Search code examples
pythonlinuxnetstat

An exception of netstat when using netstat -lntp to detect a process listening on a port is down or not?


I have wrote a script which performs like supervisord detecting a process is down or not. When a server is down then start it. Sometimes i found that the process was running but the script thinked it was down.

def check_status(service, port):
    """
        check_the service status.
    args:
        service: the name of the service.
        port:
    """
    cmd = "netstat -lntp | grep %s | grep %s | awk -F '[:]' '{print $2}'" % (service, port)
    logger.info(cmd+"\n")
    results = os.popen(cmd).readlines()
    logger.info(results)
    return bool(results)

here is the log:

2017-04-02 07:53:02,006,1491090782.006675,INFO-netstat -lntp | grep uwsgi | grep 8083 | awk -F '[:]' '{print $2}'

2017-04-02 07:53:02,043,1491090782.043374,INFO-[]
2017-04-02 07:53:02,043,1491090782.043619,INFO-2017-04-02 07:53:02 [ERROR] uwsgi:8083 is down.
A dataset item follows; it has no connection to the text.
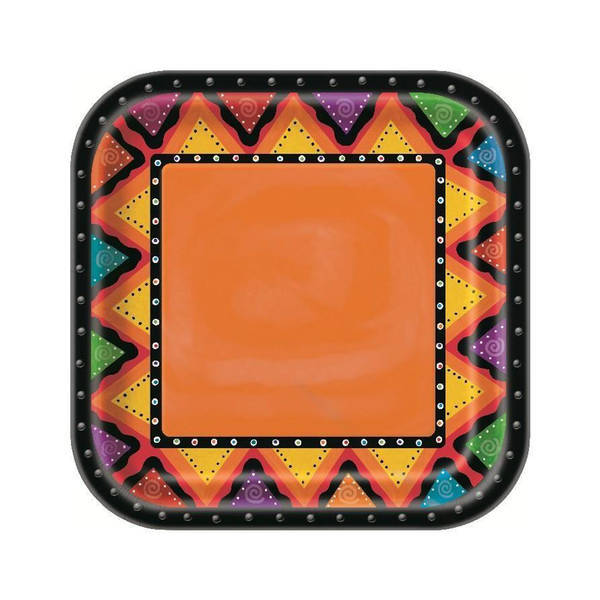 These Unique Party plates offer a vibrant solution for your next themed celebration. This set includes eight sturdy paper plates designed with a distinctive Mexican fiesta aesthetic. Measuring 9 inches across, these square tableware items are practical for serving snacks and light meals at gatherings. They simplify cleanup after your event concludes.
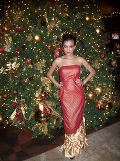 "Candycane" was inspired by the colors of the Christmas season, but created for those who currently live with AIDS and HIV. "Candycane" is the sweet reminder of how anyone, including the ill, can enjoy the season looking glamorous. A great Thank you goes to Britany Parker for Rocking Around the Hotel Contessa Christmas Tree for me. Thanks babe

2017-04-02 07:53:02,043,1491090782.043733,INFO-2017-04-02 07:53:02 [INFO] try to start uwsgi:8083

2017-04-02 07:53:02,043,1491090782.043814,INFO-cmd:sh /usr/local/sandai/webrtc-env/apprtc/sbin/apprtc.sh start  8083
2017-04-02 07:53:03,100,1491090783.100647,INFO-netstat -lntp | grep uwsgi | grep 8083 | awk -F '[:]' '{print $2}'

2017-04-02 07:53:03,138,1491090783.138201,INFO-['8083                0.0.0.0\n']
2017-04-02 07:53:03,138,1491090783.138506,INFO-2017-04-02 07:53:03 [INFO] uwsgi have been started.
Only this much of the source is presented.